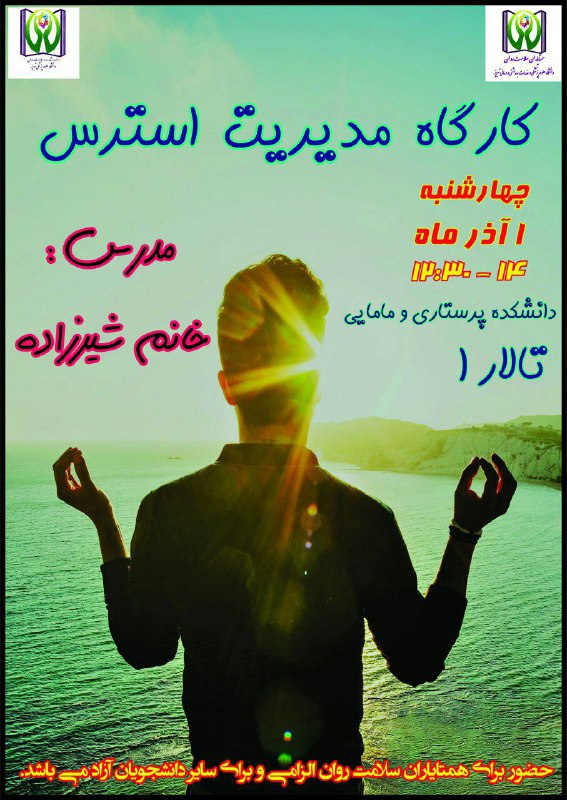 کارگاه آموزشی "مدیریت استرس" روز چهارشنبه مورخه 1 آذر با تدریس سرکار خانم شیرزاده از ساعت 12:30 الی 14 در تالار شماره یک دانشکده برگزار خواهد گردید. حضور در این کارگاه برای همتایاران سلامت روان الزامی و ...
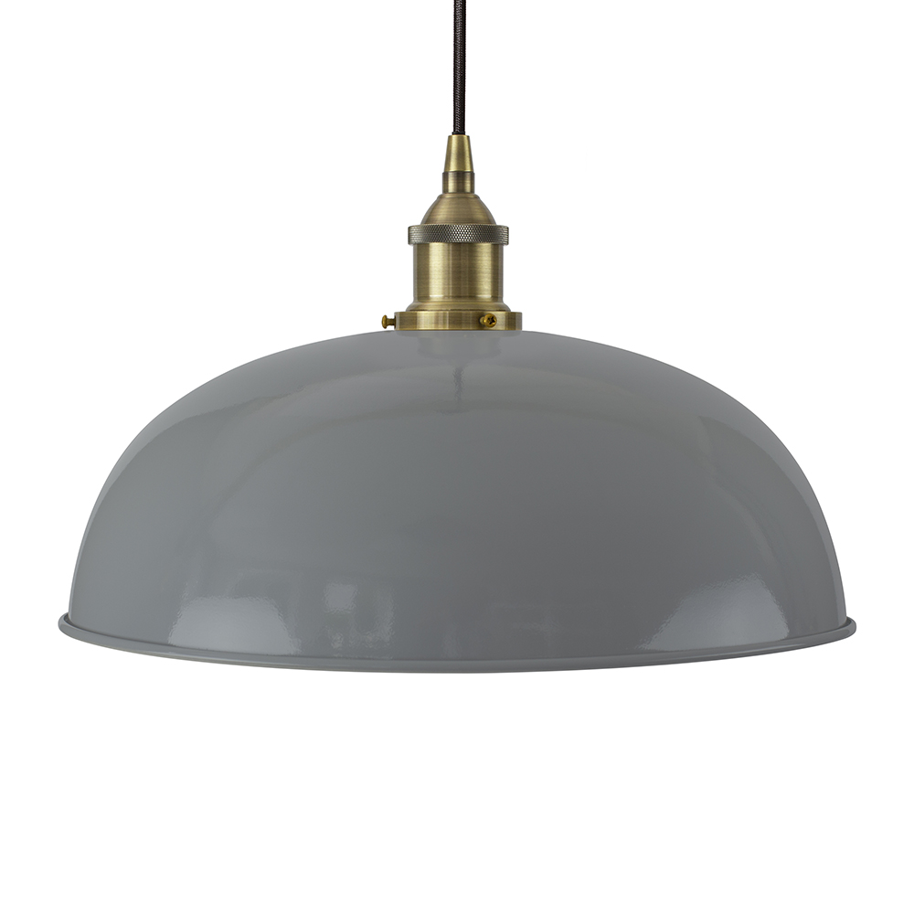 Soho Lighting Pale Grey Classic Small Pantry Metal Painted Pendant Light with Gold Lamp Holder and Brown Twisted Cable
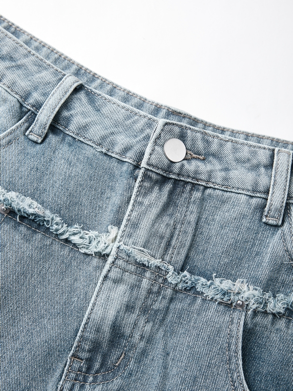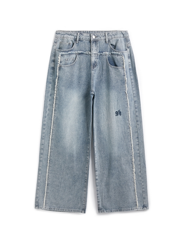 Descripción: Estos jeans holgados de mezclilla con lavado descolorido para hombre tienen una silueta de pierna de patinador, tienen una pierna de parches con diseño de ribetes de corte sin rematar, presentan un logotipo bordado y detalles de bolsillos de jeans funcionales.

#### What this task involves:
Only the pictures should be left out; the rest of the material above must be repeated exactly.

#### Solved problem:
 کارگاه آموزشی "مدیریت استرس" روز چهارشنبه مورخه 1 آذر با تدریس سرکار خانم شیرزاده از ساعت 12:30 الی 14 در تالار شماره یک دانشکده برگزار خواهد گردید. حضور در این کارگاه برای همتایاران سلامت روان الزامی و ...
 Soho Lighting Pale Grey Classic Small Pantry Metal Painted Pendant Light with Gold Lamp Holder and Brown Twisted Cable
 Descripción: Estos jeans holgados de mezclilla con lavado descolorido para hombre tienen una silueta de pierna de patinador, tienen una pierna de parches con diseño de ribetes de corte sin rematar, presentan un logotipo bordado y detalles de bolsillos de jeans funcionales.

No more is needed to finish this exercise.